NotPetya employed the NSA exploits for Windows known as EternalBlue and EternalRomance as well as credential-dumping tools to spread internally across networks once one machine was infected. The exploits were leaked in April by The Shadow Brokers.

The malware initially infected organizations via a compromised update from Ukraine accounting software provider MEDoc. Its MEDoc software is one of two accounting packages required for companies doing business in Ukraine and is widely used by Ukraine agencies.

Maersk, which used MEDoc at its Ukraine offices, recently revealed it was forced to reinstall 45,000 PCs, 4,000 servers and 2,000 applications hit by NotPetya. The company reported losses of $300m due to the incident.

NCSC notes that Ukraine's financial, energy and government institutions bore the brunt of NotPetya. However, the "indiscriminate design" of the malware caused it to spread to other European and Russian businesses.

Though it is unusual to officially blame another nation for a cyber attack, the US and Five-Eye partners blamed the WannaCry ransomware attack on North Korea. The idea, in part at least, is to name and shame nation-state attackers for their actions.

Russia and North Korea have consistently denied responsibility for the NotPetya, WannaCry, and other cyber attacks.

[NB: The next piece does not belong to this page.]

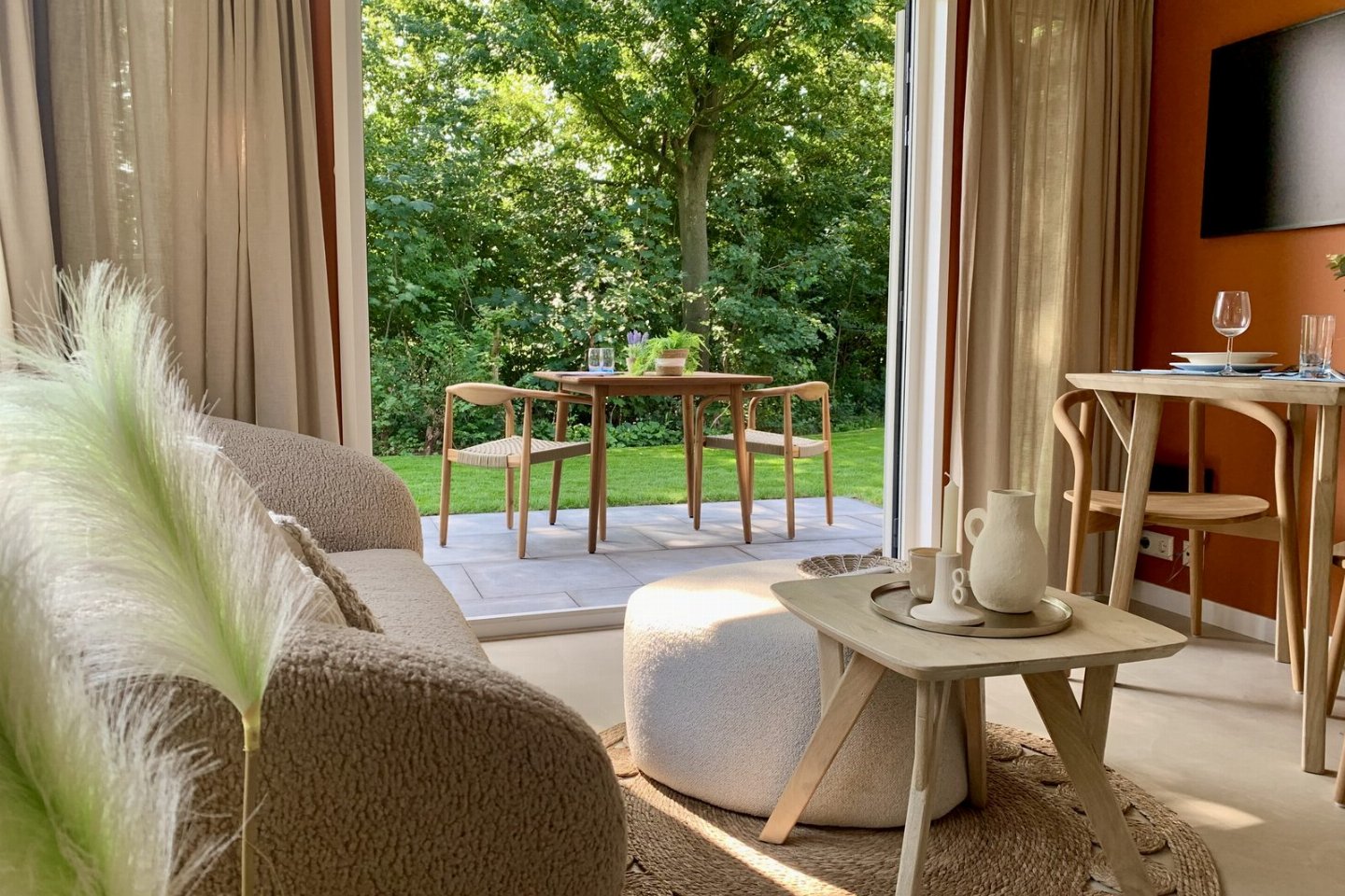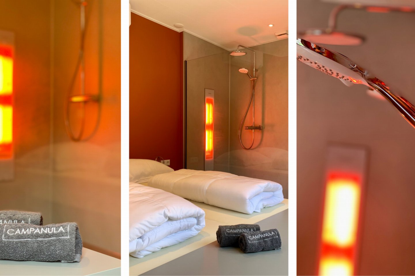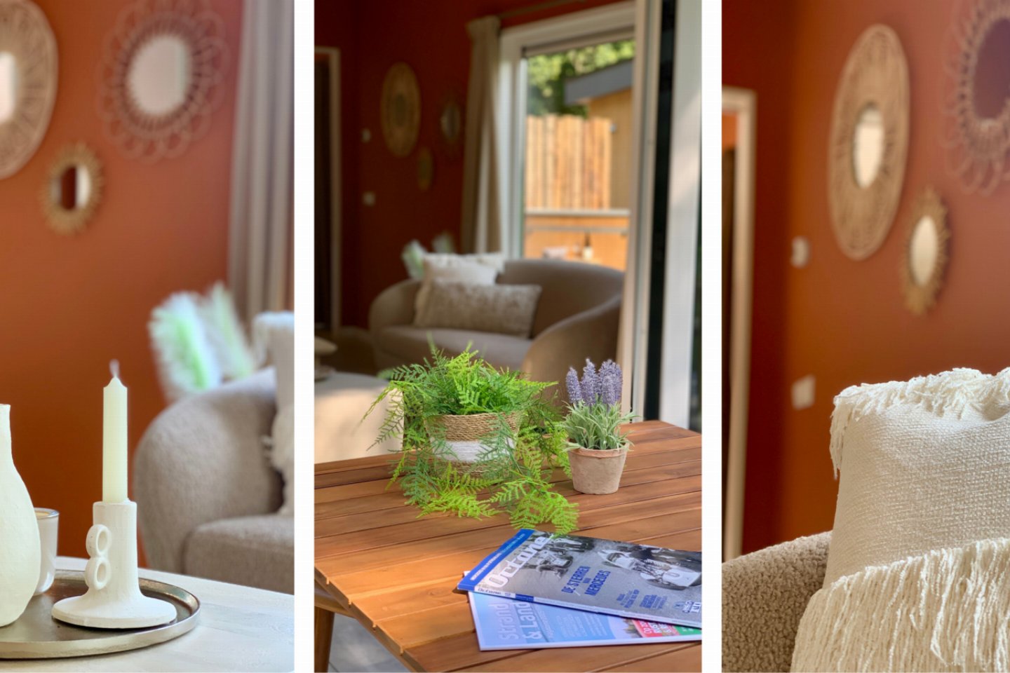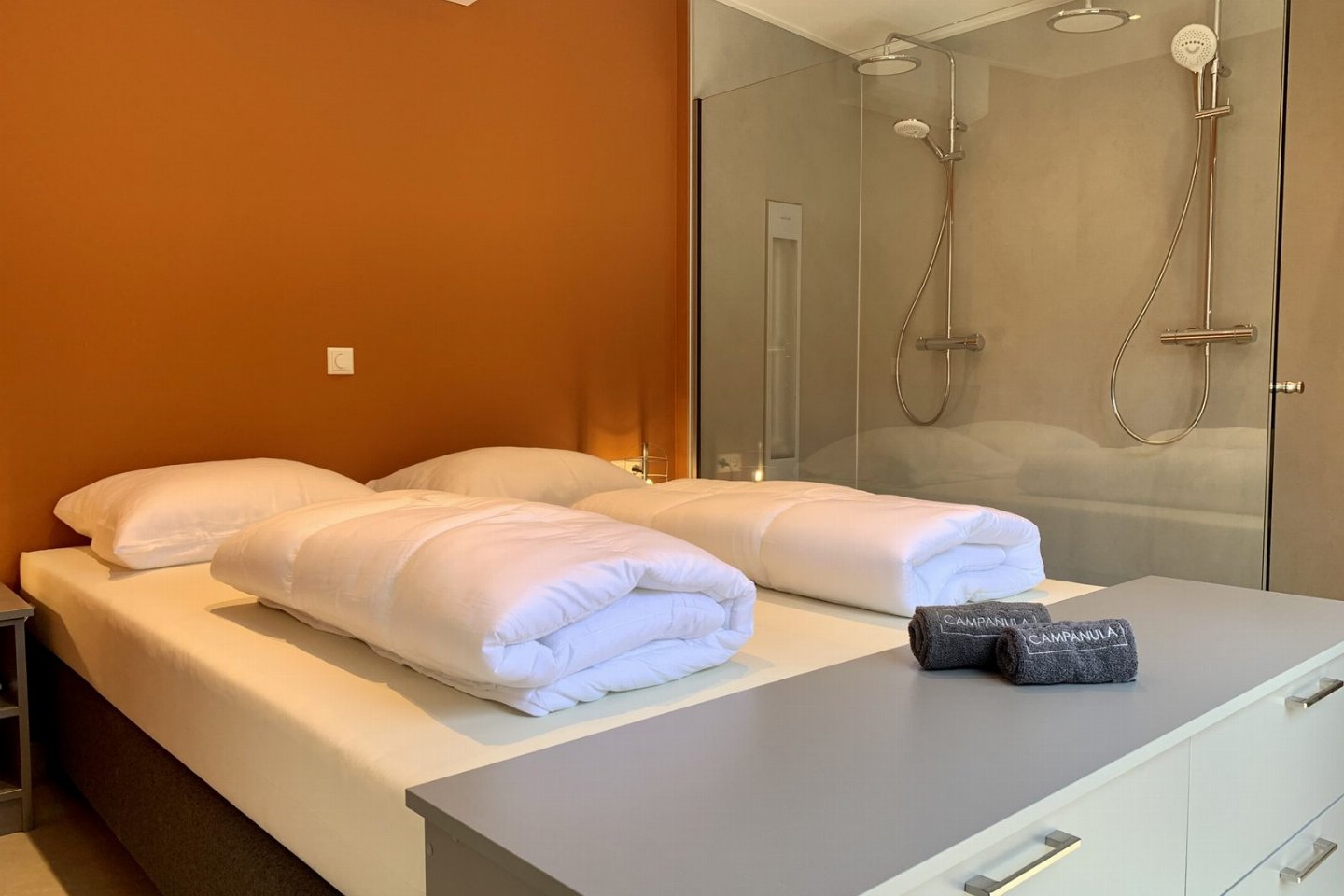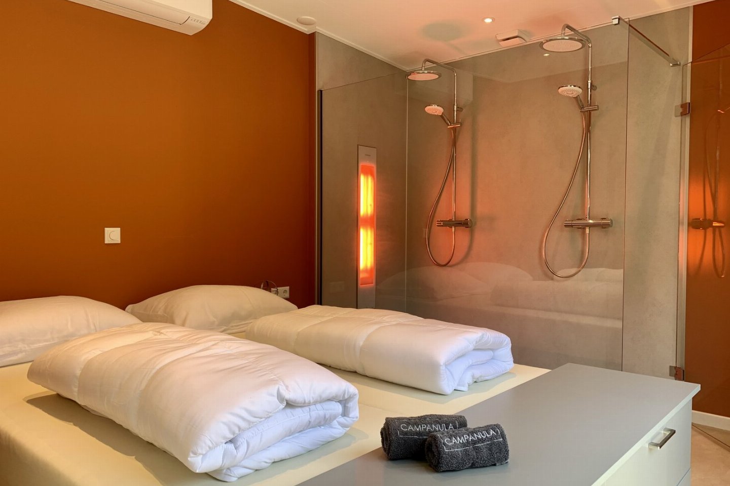 De terracotta wanden, zandkleurige vloer, beige gordijnen en lichtblauwe keuken zorgen samen met de kustaccessoires voor een warme en eigentijdse uitstraling. Slaap- en badkamerDe slaapkamer heeft een eigen badkamer met dubbele regendouche en een luxe Sunshower voor weldadige infraroodwarmte.

The UK's Ahmad said the Kremlin has positioned Russia in direct opposition to the West.

"It doesn't have to be that way. We call upon Russia to be the responsible member of the international community it claims to be rather than secretly trying to undermine it," he said.

"The United Kingdom is identifying, pursuing and responding to malicious cyber activity regardless of where it originates, imposing costs on those who would seek to do us harm."